_What to work on_:
Among the entries below, only the lines from the one with "PRODUCT DETAILS - ANINE" through the one with "Pořízení vstupenky je" are wanted, reproduced exactly. Pictures are not wanted.

_Data records_:
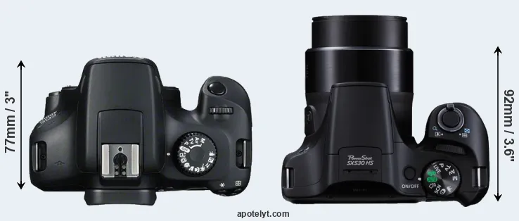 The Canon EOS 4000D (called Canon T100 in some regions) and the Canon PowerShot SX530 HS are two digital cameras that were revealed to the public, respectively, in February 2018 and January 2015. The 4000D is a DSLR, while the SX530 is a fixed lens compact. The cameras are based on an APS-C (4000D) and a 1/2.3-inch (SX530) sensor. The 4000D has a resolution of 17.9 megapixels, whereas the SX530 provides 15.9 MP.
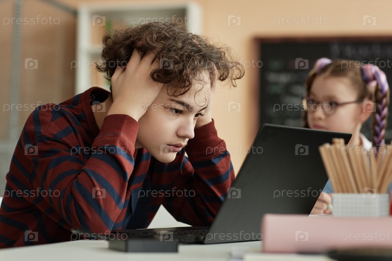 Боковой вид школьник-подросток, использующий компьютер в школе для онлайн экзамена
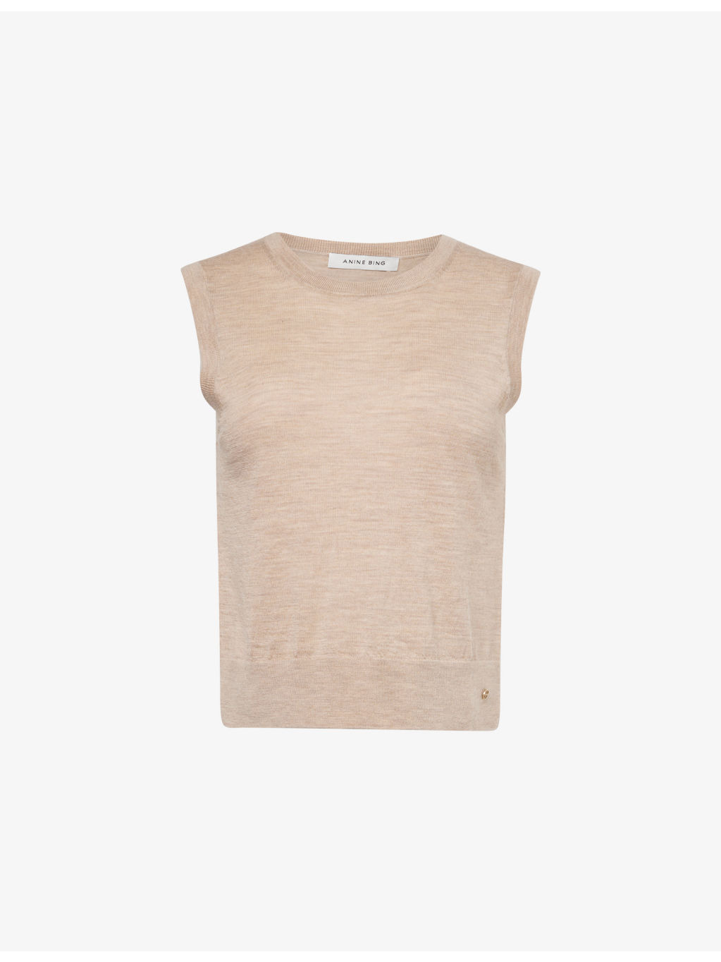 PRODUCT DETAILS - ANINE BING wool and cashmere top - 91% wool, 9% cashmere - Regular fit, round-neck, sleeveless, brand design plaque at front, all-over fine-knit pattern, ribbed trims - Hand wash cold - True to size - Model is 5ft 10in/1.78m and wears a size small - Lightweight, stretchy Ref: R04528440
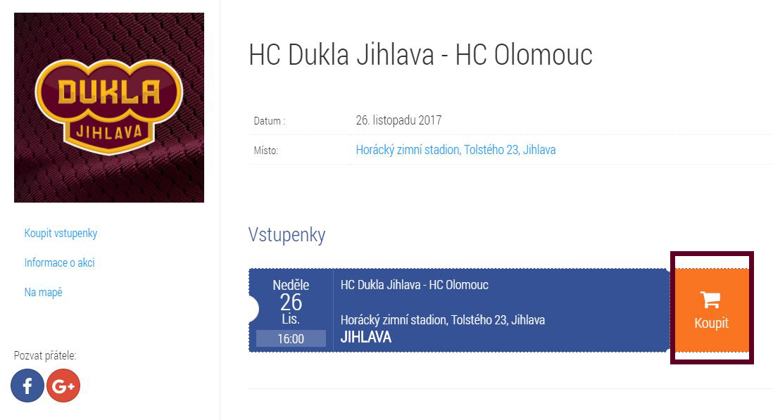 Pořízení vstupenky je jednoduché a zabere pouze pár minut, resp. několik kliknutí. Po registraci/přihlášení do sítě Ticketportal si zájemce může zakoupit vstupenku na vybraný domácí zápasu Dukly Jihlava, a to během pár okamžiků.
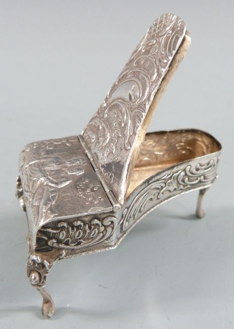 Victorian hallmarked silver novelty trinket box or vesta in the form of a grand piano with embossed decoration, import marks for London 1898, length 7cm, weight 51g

...

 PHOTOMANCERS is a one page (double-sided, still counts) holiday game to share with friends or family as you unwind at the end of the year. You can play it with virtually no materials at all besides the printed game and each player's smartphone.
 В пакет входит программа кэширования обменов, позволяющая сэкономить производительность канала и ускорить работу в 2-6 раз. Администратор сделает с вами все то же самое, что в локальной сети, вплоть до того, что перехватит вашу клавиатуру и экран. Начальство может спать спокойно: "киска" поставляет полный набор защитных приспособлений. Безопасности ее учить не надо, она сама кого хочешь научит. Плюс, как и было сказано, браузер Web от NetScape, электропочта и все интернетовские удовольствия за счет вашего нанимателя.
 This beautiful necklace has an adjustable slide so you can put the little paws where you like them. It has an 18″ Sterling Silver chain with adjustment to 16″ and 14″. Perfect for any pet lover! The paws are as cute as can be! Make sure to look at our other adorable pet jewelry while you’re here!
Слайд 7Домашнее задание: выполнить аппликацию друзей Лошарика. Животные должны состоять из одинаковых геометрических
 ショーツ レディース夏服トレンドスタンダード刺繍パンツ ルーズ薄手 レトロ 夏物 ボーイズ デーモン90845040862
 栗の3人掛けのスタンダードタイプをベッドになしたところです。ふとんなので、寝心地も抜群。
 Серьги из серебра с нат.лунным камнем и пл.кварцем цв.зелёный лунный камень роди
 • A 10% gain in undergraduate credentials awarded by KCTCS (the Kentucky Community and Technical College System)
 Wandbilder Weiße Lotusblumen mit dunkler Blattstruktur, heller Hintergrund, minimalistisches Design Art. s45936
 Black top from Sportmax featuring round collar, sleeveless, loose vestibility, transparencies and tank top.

==

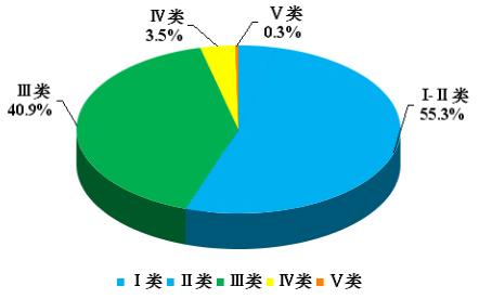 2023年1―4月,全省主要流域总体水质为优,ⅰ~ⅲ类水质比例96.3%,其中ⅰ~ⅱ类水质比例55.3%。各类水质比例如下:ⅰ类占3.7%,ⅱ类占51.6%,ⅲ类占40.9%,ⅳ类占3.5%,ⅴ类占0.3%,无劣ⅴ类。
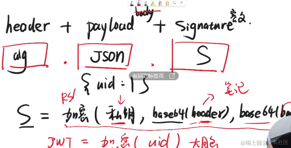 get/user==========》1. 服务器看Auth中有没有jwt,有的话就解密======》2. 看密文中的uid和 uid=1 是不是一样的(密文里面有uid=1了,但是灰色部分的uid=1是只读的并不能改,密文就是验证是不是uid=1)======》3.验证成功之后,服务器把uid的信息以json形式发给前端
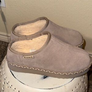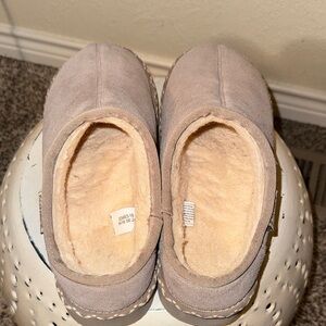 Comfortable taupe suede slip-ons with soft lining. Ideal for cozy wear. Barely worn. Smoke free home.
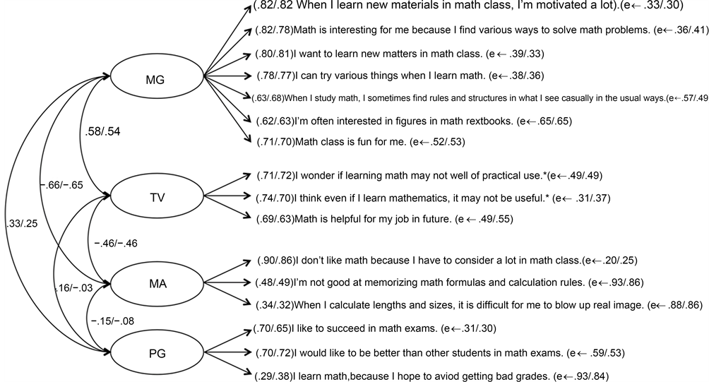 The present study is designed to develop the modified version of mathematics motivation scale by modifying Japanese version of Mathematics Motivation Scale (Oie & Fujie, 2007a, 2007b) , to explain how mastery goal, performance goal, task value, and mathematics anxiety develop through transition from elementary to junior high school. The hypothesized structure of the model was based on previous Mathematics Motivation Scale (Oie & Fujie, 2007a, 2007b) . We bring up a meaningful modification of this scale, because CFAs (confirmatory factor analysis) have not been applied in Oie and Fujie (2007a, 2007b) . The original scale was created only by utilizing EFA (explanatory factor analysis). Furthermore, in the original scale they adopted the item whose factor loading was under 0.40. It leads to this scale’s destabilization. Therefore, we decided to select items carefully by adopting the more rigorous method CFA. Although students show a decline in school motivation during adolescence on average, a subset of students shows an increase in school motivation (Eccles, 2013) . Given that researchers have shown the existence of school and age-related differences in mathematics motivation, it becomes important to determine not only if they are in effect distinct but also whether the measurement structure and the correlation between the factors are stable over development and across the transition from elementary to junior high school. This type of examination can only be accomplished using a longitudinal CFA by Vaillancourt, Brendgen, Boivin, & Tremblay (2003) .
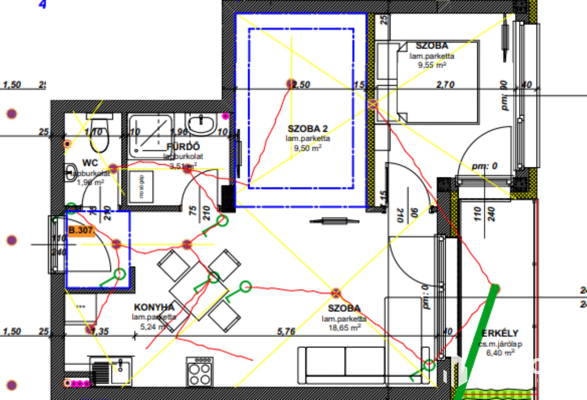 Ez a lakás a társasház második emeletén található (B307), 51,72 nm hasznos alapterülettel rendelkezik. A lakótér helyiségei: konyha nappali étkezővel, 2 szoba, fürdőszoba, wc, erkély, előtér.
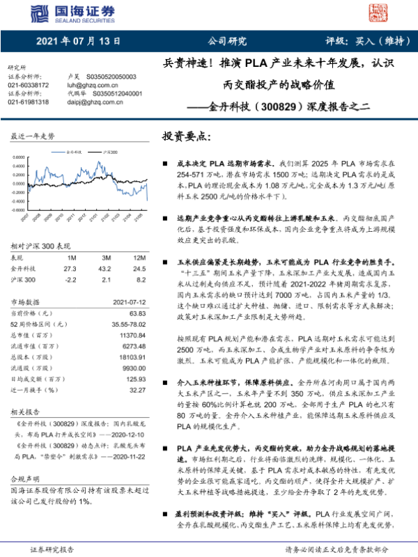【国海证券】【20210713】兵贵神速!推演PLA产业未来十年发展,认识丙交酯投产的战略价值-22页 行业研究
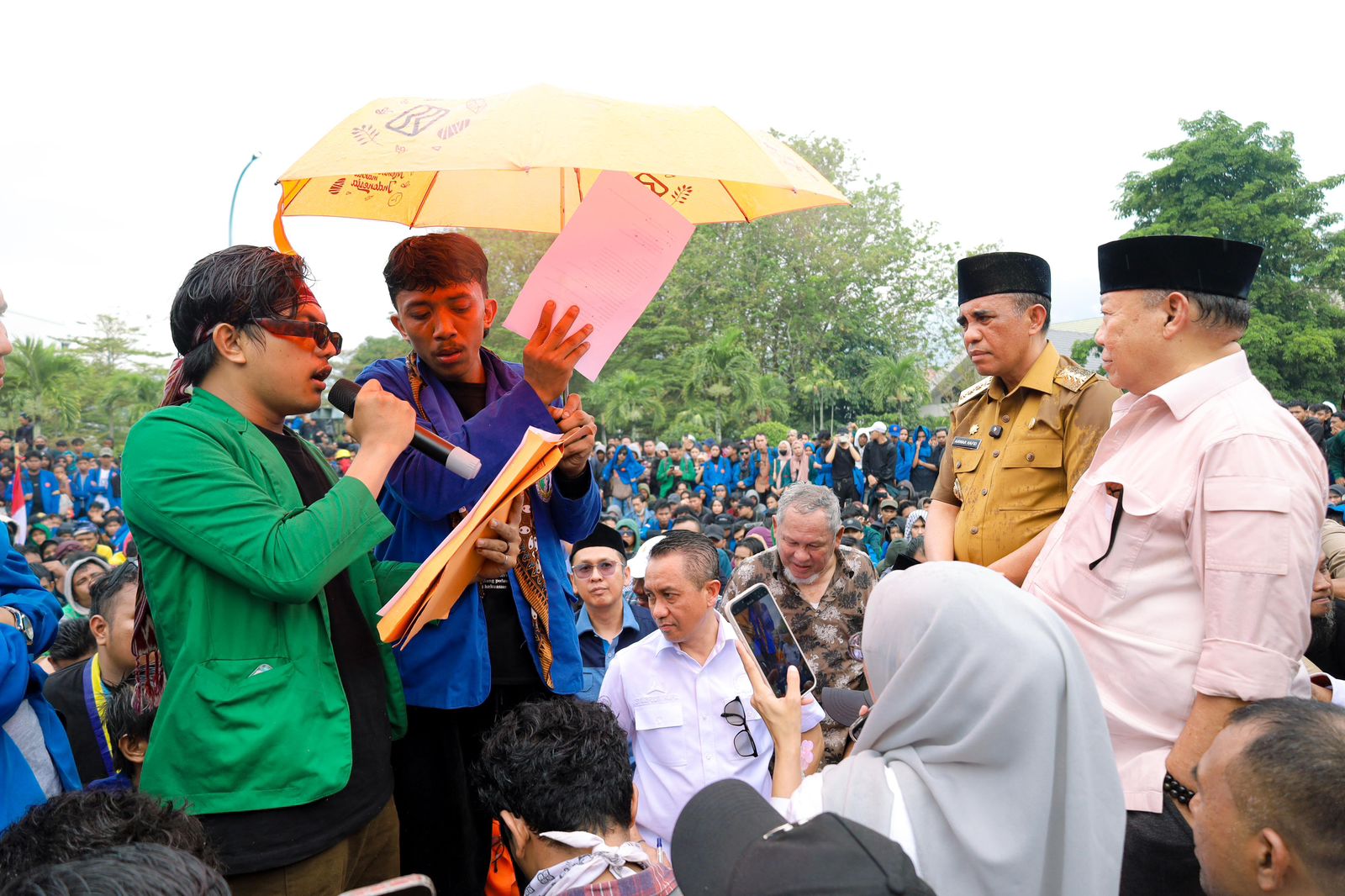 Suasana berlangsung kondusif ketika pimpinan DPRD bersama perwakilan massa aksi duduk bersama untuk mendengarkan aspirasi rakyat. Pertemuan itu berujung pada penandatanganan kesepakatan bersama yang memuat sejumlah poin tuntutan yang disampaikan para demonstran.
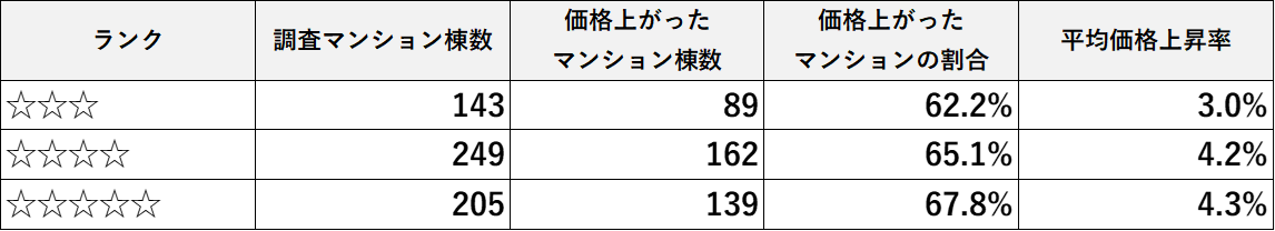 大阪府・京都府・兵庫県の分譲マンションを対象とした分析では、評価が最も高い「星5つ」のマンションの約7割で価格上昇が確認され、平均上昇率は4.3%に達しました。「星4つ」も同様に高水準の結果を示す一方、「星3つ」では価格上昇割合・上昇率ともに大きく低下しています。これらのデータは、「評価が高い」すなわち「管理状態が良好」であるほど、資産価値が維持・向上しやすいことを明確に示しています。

_Task output_:
 PRODUCT DETAILS - ANINE BING wool and cashmere top - 91% wool, 9% cashmere - Regular fit, round-neck, sleeveless, brand design plaque at front, all-over fine-knit pattern, ribbed trims - Hand wash cold - True to size - Model is 5ft 10in/1.78m and wears a size small - Lightweight, stretchy Ref: R04528440
 Pořízení vstupenky je jednoduché a zabere pouze pár minut, resp. několik kliknutí. Po registraci/přihlášení do sítě Ticketportal si zájemce může zakoupit vstupenku na vybraný domácí zápasu Dukly Jihlava, a to během pár okamžiků.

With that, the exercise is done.